The universal SDK ecosystem

In this chapter, you will learn the full breadth of LiveKit's SDK ecosystem — client SDKs for every major platform, server SDKs for backend operations, agent SDKs for AI, and pre-built UI components that accelerate development. You will see how a consistent API design across all SDKs means that learning LiveKit once lets you build everywhere, and why this ecosystem breadth is itself a significant competitive advantage.

SDKsConsistent APIAgents UIServer SDKsESP32

Why SDK breadth matters

A realtime platform is only as useful as the places you can run it. A brilliant SFU architecture means nothing if you cannot connect to it from an iOS app, an Android app, a web browser, a Unity game, a Raspberry Pi, and a backend server. Every missing SDK is a missing use case — a customer who cannot adopt the platform, an application that cannot be built.

LiveKit's ecosystem covers more platforms than any competing realtime infrastructure. This is not accidental. It reflects a strategic understanding that realtime communication is not a browser-only problem, and that the winning platform is the one developers can use wherever they need it.

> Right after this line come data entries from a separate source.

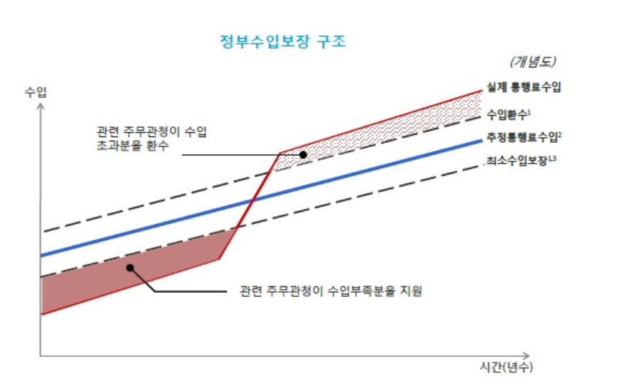민투법상 정부는 정부수입보장기간이라 해서 완공 후 일정기간 동안 정부가 수입을 보장 합니다.
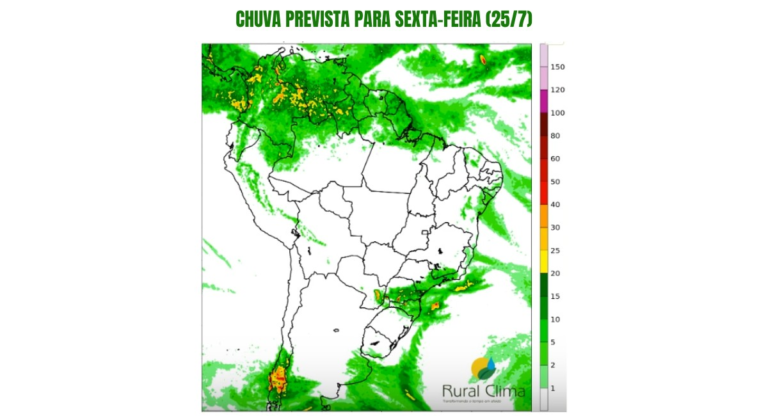 A previsão é que as instabilidades avancem lentamente a partir desta quinta-feira (24/7) e, na sexta-feira (25/7), as chuvas atinjam, forma pontual, a faixa leste de São Paulo. No sábado (26/7), os modelos analisados pela Rural Clima apontam novos episódios de chuva no na região Sul.
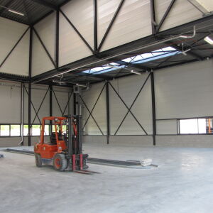 Een modern kantoor van 375 m² met een werkplaats van 735 m² en een overkapping van 1395 m². Verder een wasplaats met tankplaats voor het eigen wagenpark. En dit alles op een prachtige plek met een goede ontsluiting.

Client SDKs: every platform, one API

Client SDKs connect end-user devices to LiveKit rooms. Each SDK implements the same core abstractions — Room, Participant, Track, publication, subscription — adapted to the idioms and conventions of its target platform.

SDK	Platform	Language	Notes
livekit-client	Web browsers	TypeScript/JavaScript	The reference implementation. Works in all modern browsers.
LiveKit Swift	iOS, macOS, visionOS	Swift	Native Apple platform support with SwiftUI integration
LiveKit Android	Android	Kotlin	Native Android with Jetpack Compose support
LiveKit Flutter	iOS, Android, Web, Desktop	Dart	Cross-platform from a single codebase
LiveKit React Native	iOS, Android	TypeScript	For React Native mobile applications
LiveKit Unity	Windows, macOS, Linux, WebGL	C#	For games, simulations, and 3D experiences
LiveKit C++	Desktop, embedded	C++	For native desktop apps and embedded systems
LiveKit Rust	Desktop, server, embedded	Rust	High-performance native applications

Learn once, build everywhere

Every client SDK exposes the same conceptual API. Connecting to a room, subscribing to tracks, publishing media, handling participant events — these operations work the same way whether you are writing TypeScript for the web, Swift for iOS, or Kotlin for Android. The method names adapt to platform conventions, but the mental model is identical.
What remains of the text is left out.